Powers sat with Eleanor's hand in his, watching for her return to consciousness. Her fingers lay in his, cold and passive, her hair was in wild disorder, and her face was still deadly pale. He bent over the closed eyes, and a fierce, passionate desire crept into his heart. If only she might wake up as he had known her first. If only these terrible months of her second existence might be blotted out forever. He was content to have failed in his great experiment. He had no longer any ambition to add to the sum of human knowledge. The memory of Halkar and his patients had become a nightmare to him. Forever he would have been content to remain ignorant of those things which lay now so short a distance beyond. It was an unexpected lesson which he had learned, a strange fever which had wrought so marvelous a transformation in him. The old ideals were dead and buried, life itself had become centered around the girl who lay by his side now, white and inanimate.
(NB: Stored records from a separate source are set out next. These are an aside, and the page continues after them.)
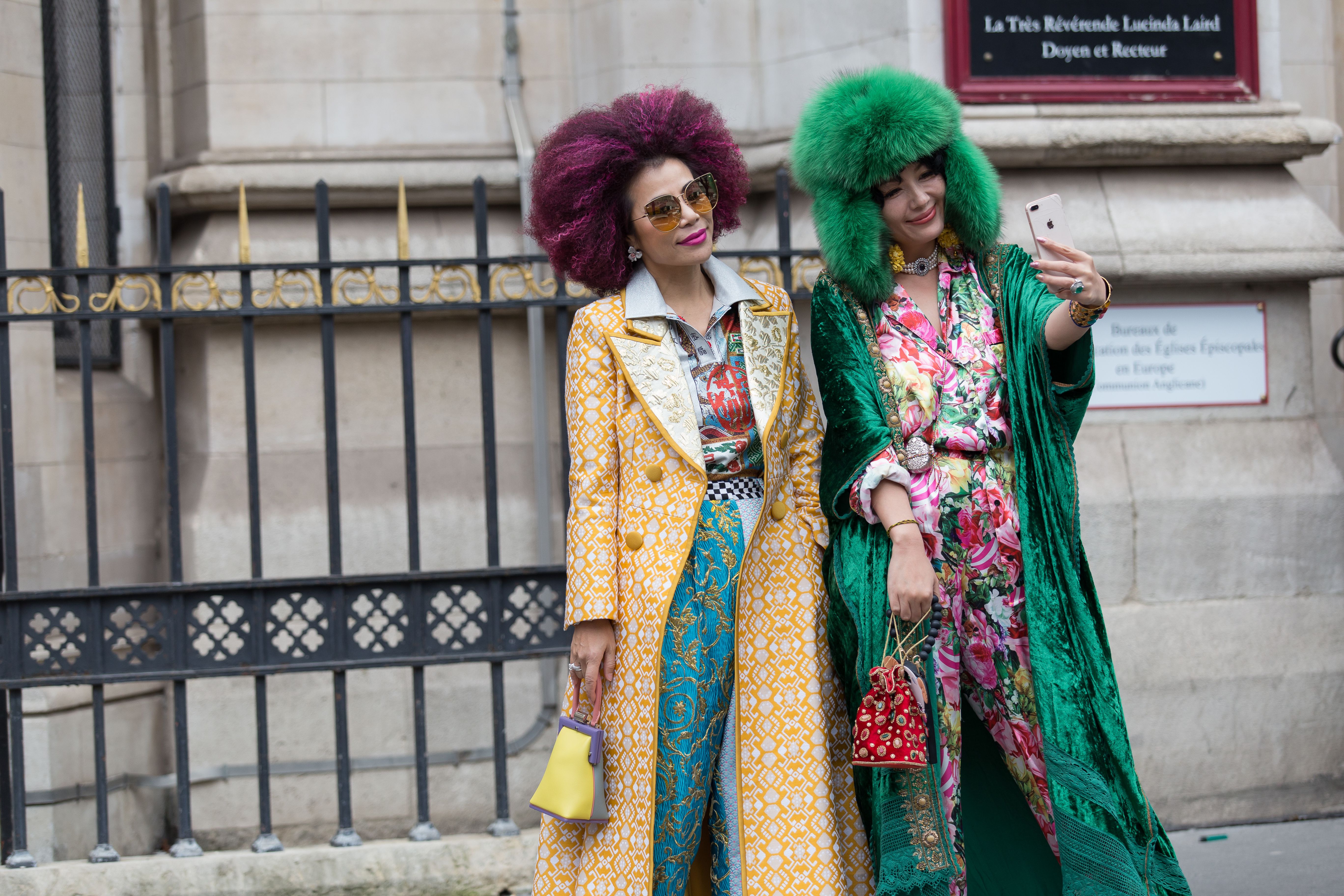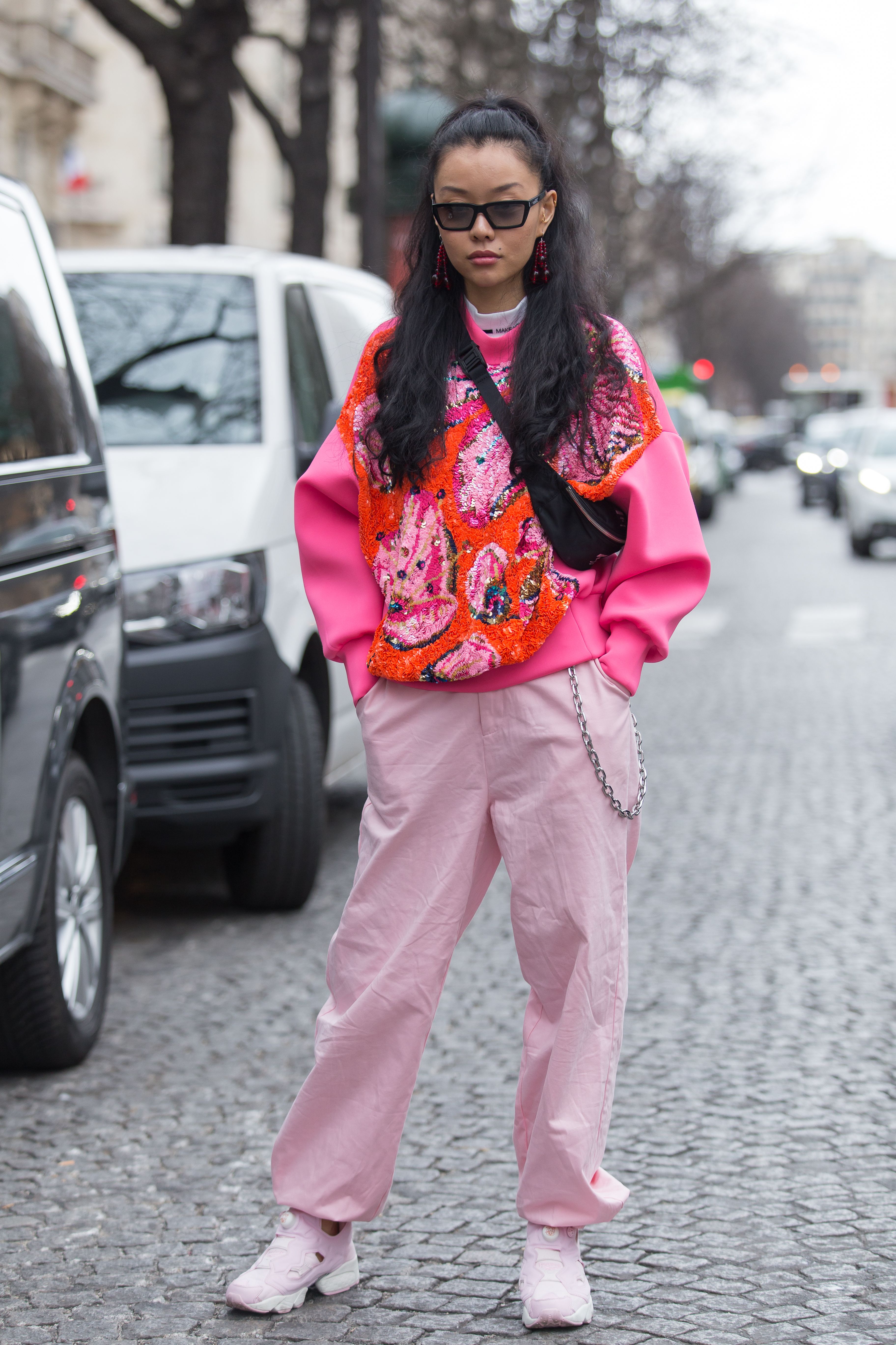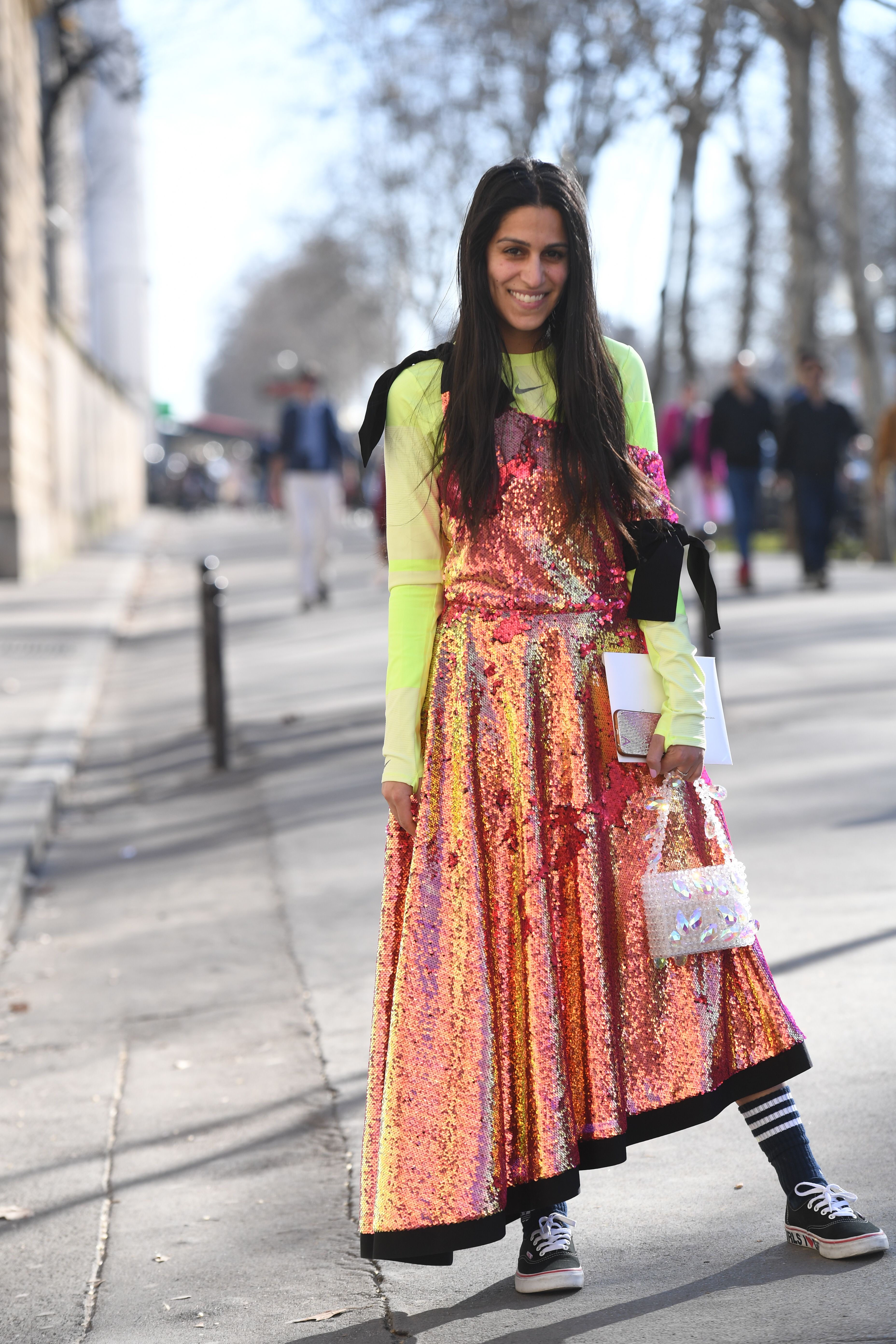 These Paris Fashion Week guests have embracing the wilder side of fashion—bold patterns, flashy sequins, statement sunglasses and neon galore. Unlike the street style in Milan, London and New York, there are a lot few puffer coats this time around. More guests are showing their skin out in the Parisian streets, and we’re here for it.
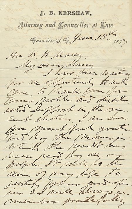 (1822 - 1894) Confederate major general who directed Morris Island in the bombing of Fort Sumter, commanded a brigade at Antietam, Chancellorsville, Fredericksburg and Gettysburg, captured at Sayler's Creek thus serving the entire war. Rare A.L.S. "J. B. Kershaw" on his law office letterhead, 2pp., 8vo., Camden, S.C., June 15, 1877, to Hon. B. H. Massey, in part: "...I have been waiting for the opportunity to write you to thank you for your noble and distinguished support in the recent elections...It will be the aim of my life to justify your good opinion & I will always remember gratefully your generous support...". Very good.
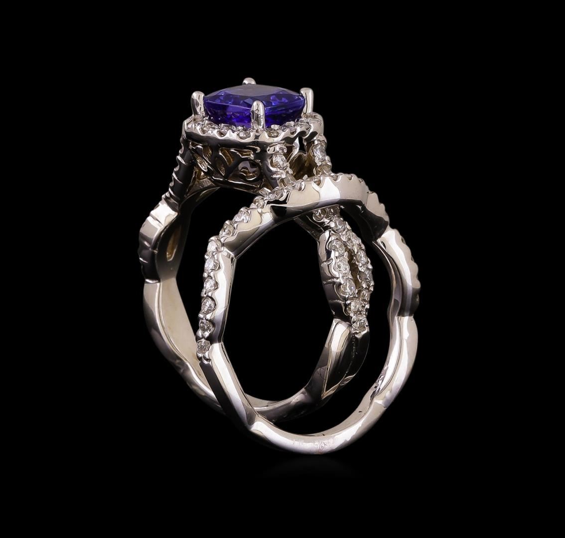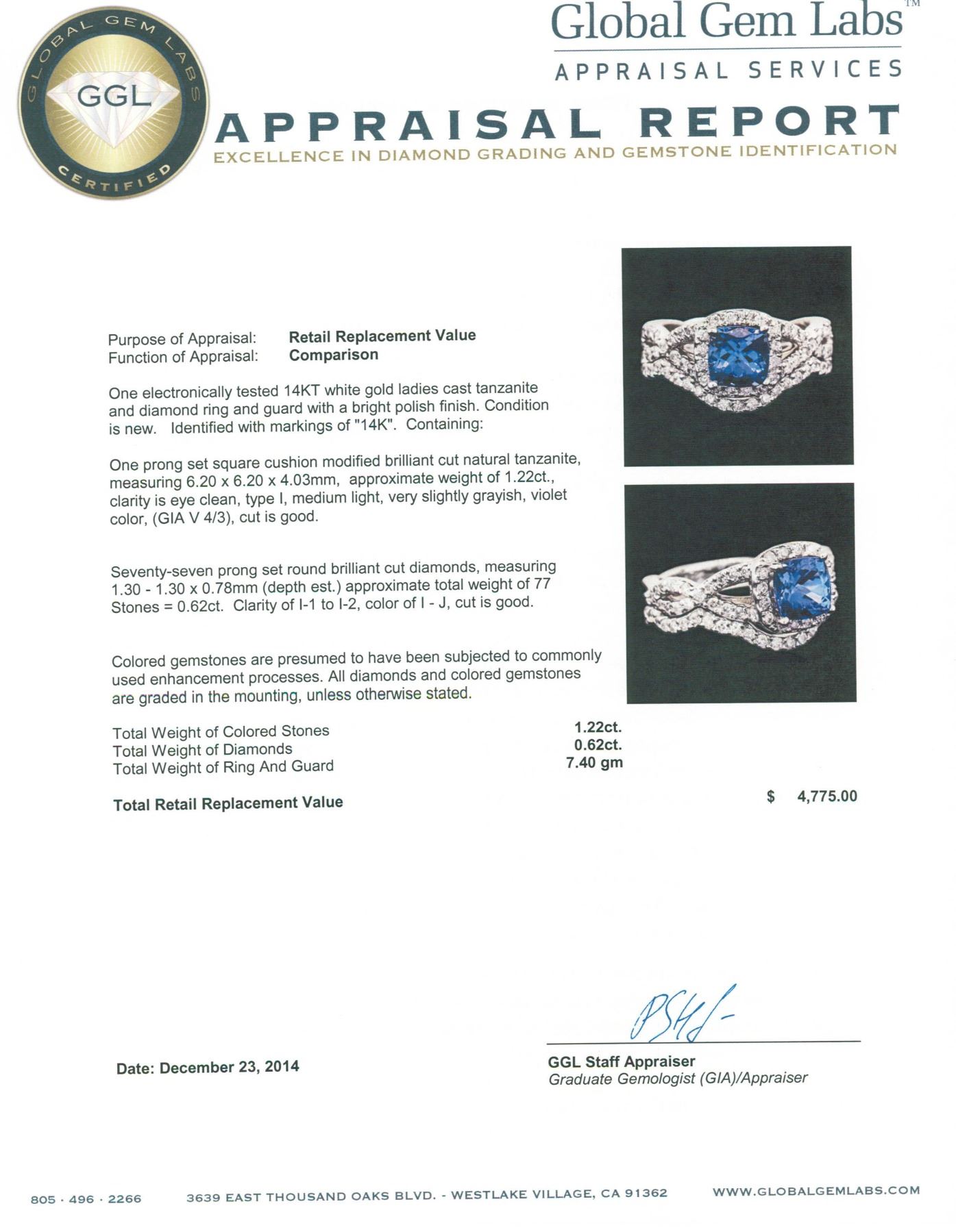 One electronically tested 14KT white gold ladies cast tanzanite and diamond ring and guard with a bright polish finish. Identified with markings of "14K". Condition is new. Containing: One prong set square cushion modified brilliant cut natural tanzanite, measuring 6.20 x 6.20 x 4.03mm, approximate weight of 1.22ct., clarity is eye clean, type I, medium light, very slightly grayish, violet color, (GIA V 4/3), cut is good. Seventy-Seven prong set round brilliant cut diamonds, measuring 1.30 - 1.30 x 0.78mm (depth est.) approximate total weight of 77 Stones = 0.62ct. Clarity: I-1 to I-2. Color: I - J, Cut is Good. Colored gemstones are presumed to have been subjected to commonly used enhancement processes. All diamonds and colored gemstones are graded in the mounting, unless otherwise stated. Total Weight of Colored Stones 1.22ct. Total Weight of Diamonds 0.62ct. Total Weight of Ring And Guard 7.40 grams. GGL Appraised.
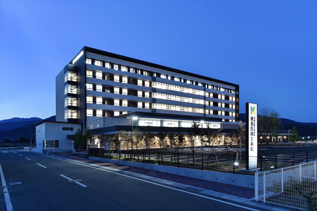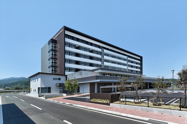 「伊予の小京都」大洲の地域医療支援病院で、老朽化した旧病院の建替えである。大洲の伝統的な町並み景観との調和を考え、漆喰の白や板貼りなどを現代の素材でデザインされている。歴史的にも水害の多い地域から災害対策として止水設備を設置している。
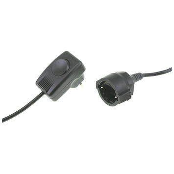 Exin verlengsnoer met randaarde en schakelaar zwart, voor het aansluiten van een elektrisch apparaat waarvan het snoer niet toereikend is tot het stopcontact. Het 2 meter lange witte verlengsnoer heeft een vermogen van 1300 watt.

At last with a little shiver she opened her eyes.


Physically, Eleanor became at that time a puzzle both to Powers and to the physician whom he called in to attend upon her. From an almost animal perfection of health, she passed after her recovery from that prolonged fainting fit into a state of nervous prostration, the more remarkable from its contrast to her former robustness. She lost her color, her light gracefulness of movement, her brilliant gaiety of manner. She moved about listlessly, with pallid cheeks, and always with a strange gleam in her eyes—of expectancy, mingled with apprehension.

"It is so absurd—so horrible—to look back—and to remember nothing," she said one day, with a little break in her voice. "I want to see some one who really belongs to me—my father, or my uncle, or some one. Perhaps that would help me—to remember."

"My dear," Powers said, "I am afraid that you would never be able to find your father. He is in China on a secret mission for the Government. That is why he cannot write or receive letters. You must be content with us for a little longer. We may hear from your uncle any day."

There was a dead silence. In her face were traces of a strange new nervousness.

"If I could get away—a long distance away!" Eleanor exclaimed, with a sudden tremulous emotion. "If only I could."

Powers took one of her restless hands in his.

"Eleanor," he said, "we have been talking about taking you to a little place we have in Lincolnshire, close to the sea. There will be only Marian and I. You shall be alone as much as you choose. No one shall come near you whom you do not care to see."